You have thus missed my real point, which is as follows:

Closer to us than the surface of last scattering, we should 'see'
successively closer shells of successively cooler gas, which should
emit thermal radiation, according to temperature. However, if the
temperature increases with redshift, and that radiation is, by
definition, redshifted by that redshift, all successive shells should
reinforce a black body 2.7K spectrum, when measured in the here and
now.

Rephrase it slightly - after correction for
the red shift, more distant neutral hydrogen
clouds, which were essentially in equilibrium
with the apparent temperature of the CMBR to
which they were exposed, should have higher
temperatures.

In fact that has been observed.

I agree, as does Jonathan Thornberg, apparently, in his posting
earlier.

However, I doubt that neutral hydrogen is the only thing which obeys
the basic rules of thermodynamics.

Phillip Helbig's quoted dark matter "bricks" would, I expect, be at
thermal equilibrium too.

Interesting, this term thermal equilibrium.
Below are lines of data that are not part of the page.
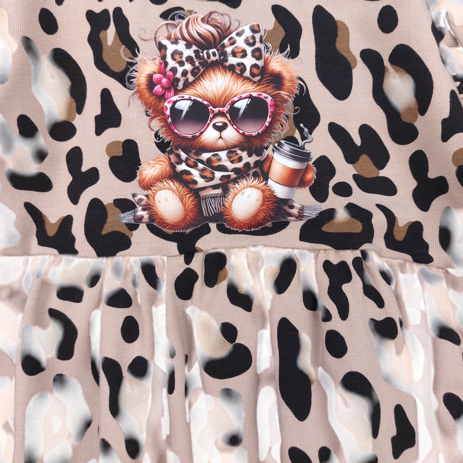Betonen Sie den mädchenhaften Charme und Stil Ihrer Kleinen, indem Sie sich für dieses bezaubernde Leopardenkleid mit Teddybär-Aufdruck entscheiden!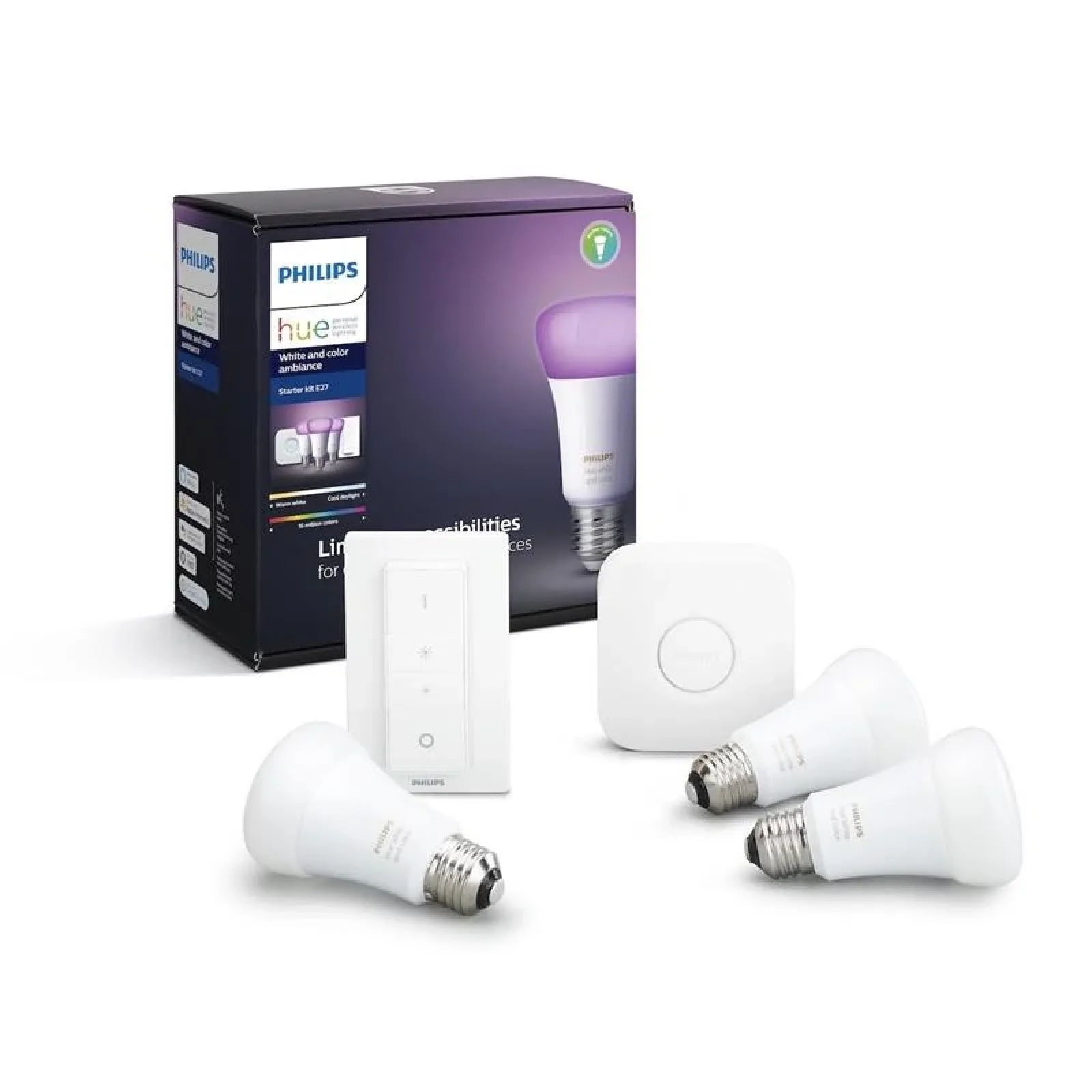 Организуйте умное освещение в доме со стартовым комплектом Philips Hue, в составе которого есть три умные лампы с цоколем E27 на 16 миллионов оттенков цветов, блок управления Philips Hue Bridge и пульт дистанционного управления Philips Hue Dimmer. Этого комплекта достаточно для начала работы с умным домашним освещением Philips Hue и изучения его увлекательных возможностей.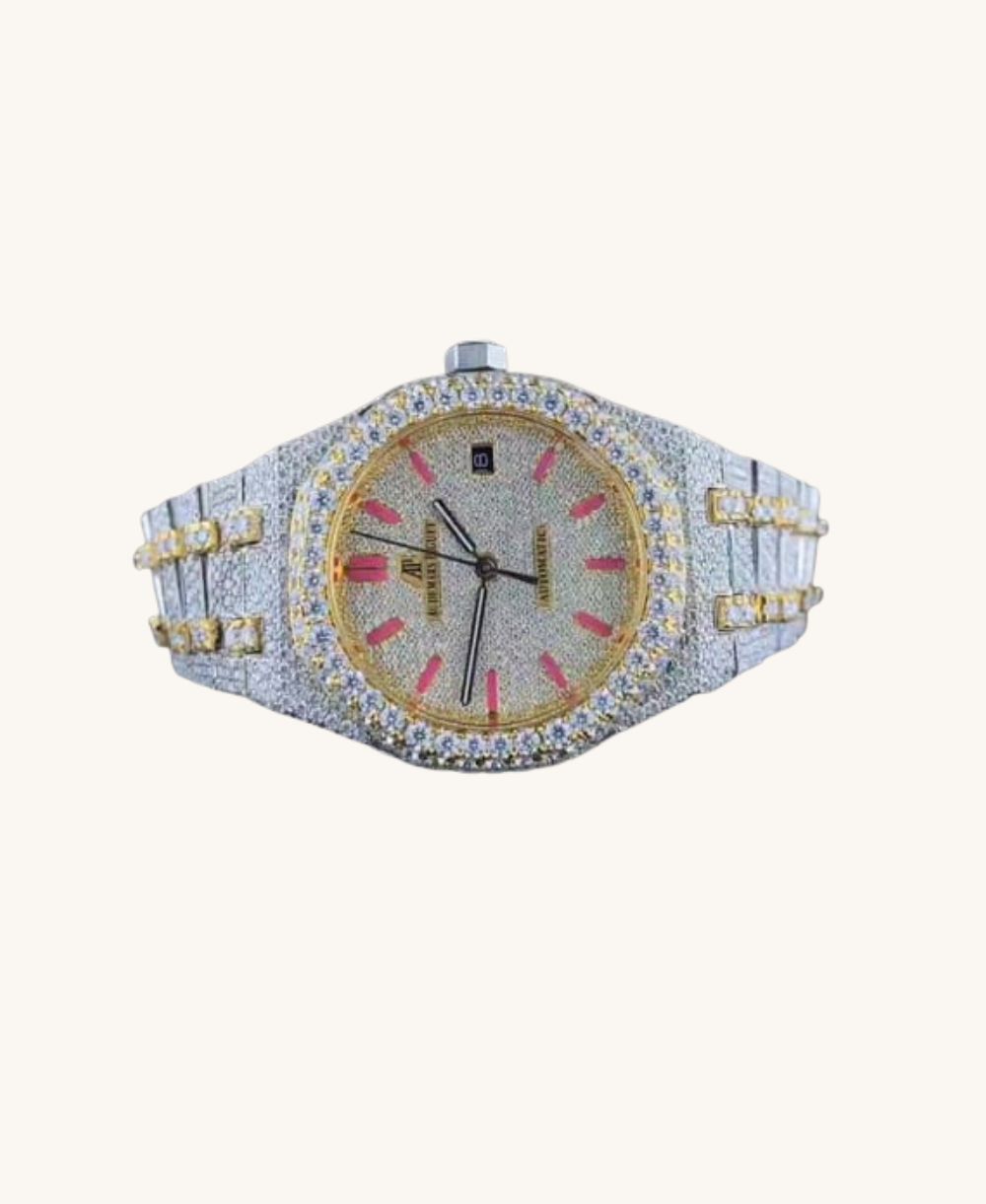 For those who live life without compromise, we present the Maharaja Iced-Out Timepiece. This watch is a spectacular showcase of masterful stone setting, with thousands of brilliant, hand-set moissanite stones covering every millimeter of the iconic octagonal case, dial, and integrated bracelet. The luxurious two-tone design features a warm, gold-tone bezel and bracelet accents that contrast beautifully with the cool, silver-toned body.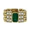 Anello in oro giallo a maglia snodata con al centro vivace smeraldo taglio rettangolare allungato di ct 2 0 ca piccoli diamanti taglio brillante a lato.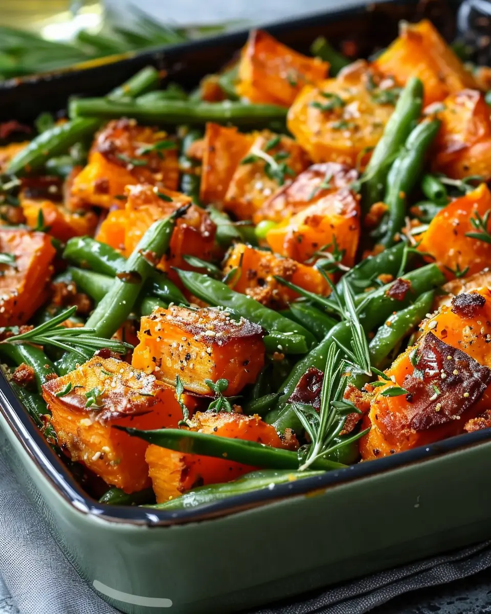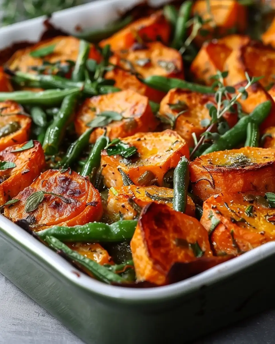 Another fun way to switch things up in your sweet potato green bean tray bake is by playing around with herbs. Why not try fresh rosemary for a woodsy flavor or a sprinkle of thyme for a hint of earthiness?

It means the matter
(whatever it is) is emitting and absorbing thermal radiation in equal
measure.

Each lump of matter has the CMBR from the past, arriving from all
directions.
Each lump of matter must radiate as much as it absorbs, for thermal
equilibrium to be maintained.

So, is the theta and phi mapping of the CMBR a direct map of density
fluctuations at z=1069? That seems hardly likely once the above
described mechanism for maintaining thermal equilibrium in
intergalactic space therebetween, is taken into account.


Chalky.